Q: "travelling lady"? (and "goal"0

Joel S. Berson Berson at ATT.NET
Sat Oct 16 00:26:52 UTC 2010

At 10/15/2010 05:52 PM, Laurence Horn wrote:
>Well, there's the evidence from the eponymous Leonard Cohen song--
>And why are you so quiet now
>Standing there in the doorway?
>You chose your journey long before
>You came upon this highway.
>Traveling lady, stay awhile
>Until the night is over.
>I'm just a station on your way
>I know I'm not your lover.

A little bit later than my quotation.

>I'm still puzzled by the "Goal" for "Gaol", though, especially since
>the OED doesn't provide the former as a variant spelling of the
>latter.  The Ballad of Reading Goal?

Yes it does -- s.v. jail, gaol, n.:

Forms: {alpha}. 3-4 gayhol(e, 5 gayll(e, gaille,
5-7 gayole, gayl(e, gaile, 6 gaiell, gaill, 6-7
gaole, goale, *7-8 goal*, 7- gaol. {beta}. 4
iaiole, 4-7 iaile, iayle, 5 iayll, 6-7 iaole, 7-8
jayl, (7 jale), 7- jail. {gamma}. 6 geyle, geayle, (gial), 7 geale.

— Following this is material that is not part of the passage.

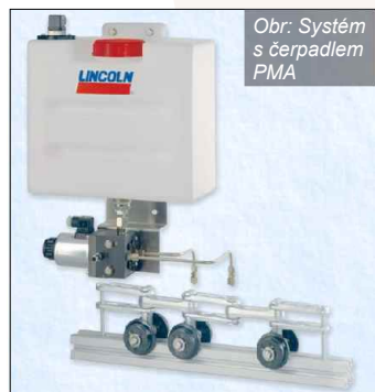
Obr: Systém s čerpadlem PMA

2) PMA je čerpadlo, jehož výtlačný zdvih je aktivován elektromagnetem. Slouží k napojení 1 - 6 mazaných bodů. V případě deskových dopravníků - např. ve ŠKODA Auto, v závodech v M.B. i v Kvasinách, a dále v TPCA jsou těmito čerpadly s využitím speciálních

1647 CLARENDON [Edward Hyde, Earl of Clarendon;
historian and statesman; grandfather of Queen
Mary II and Queen Anne] Hist. Reb. v. ยง51 To be
committed to the Common Goal of Colchester.

1779 J. BURGOYNE [General John, "Gentleman
Johnny", army officer and dramatist] Let. to
Constituents (ed. 3) 15 The goals..were resorted to for other recruits.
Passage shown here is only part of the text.